Step 7: Vertical Gap Fixing Boards
Now since the gaps in the vertical boards all around might have some gaps, we cut a bunch of 1x2's the height of the vertical boards (minus the baseboard) and screwed them right into the vertical boards (just one screw top, mid, and bottom) to make everything look intentional, and cover up any mistakes. Painting the shed black first would have been smart too...but afterthoughs right?
Step 8: Final Touches and Suggestions for More Fanciness.

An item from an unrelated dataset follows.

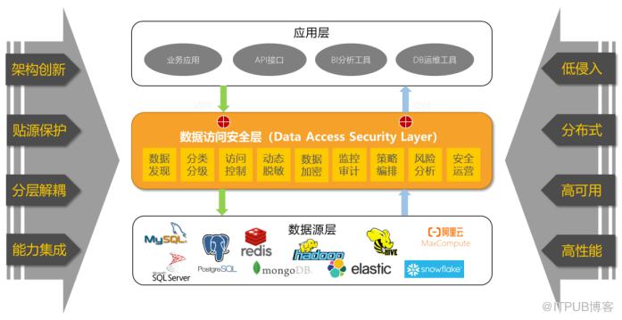 基于以上思考,数据应用和数据源之间抽象出了一个“数据访问安全层(DataAccessSecurityLayer,DASL)”,把过去散落在各种异构数据源系统、应用程序中的数据操作控制能力抽取出来,统一在这个数据访问安全层实现。当数据访问请求经过DASL时,未经过两个控制点:第一个是访问控制点,决定是否让数据访问请求通过、告警还是拒绝,会基于访问指令的风险程度和是否有权限访问目标数据对象进行判定;第二个是交付控制点,数据从数据库返回到达数据应用之前会经过DASL的交付控制点,会对数据实施对脱敏、加密等处理,满足安全和合规的需求。此外,DSAL会进行完整的访问和交付的过程及动作的数据安全审计和风险分析。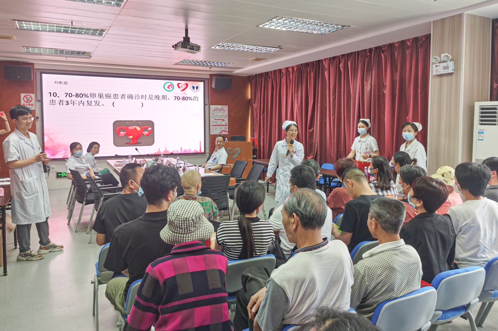 妇瘤科王晓静主治医师介绍了“卵巢癌化疗药物不良反应及护理”,加深了在场患者及家属对常见化疗药物的认识,减轻患者对化疗的恐惧。

At the end, we attached some dollar store hanging basket supports, and put in two baskets of nice plants for that illusion of sophistication.
You can make the shed fancier if you want, but it looks pretty good at this point.
We think we might add a small strap along the roof line of wood, so you cant see the tin at the front.
Other suggested upgrades include gingerbread on the roof peek. Some old window frames backed with old or dollar store mirrors screwed onto the walls. Window boxes would be a nice touch.
A trellis or two can also be easily attached.
We didnt want to make the roof leak by screwing into it, and because it was out of sight, we left it, but you could maybe use some plywood sheets on either side held together with hinges or metal straps, tack in some cedar shakes onto the plywood and then just set it on top if you are into that.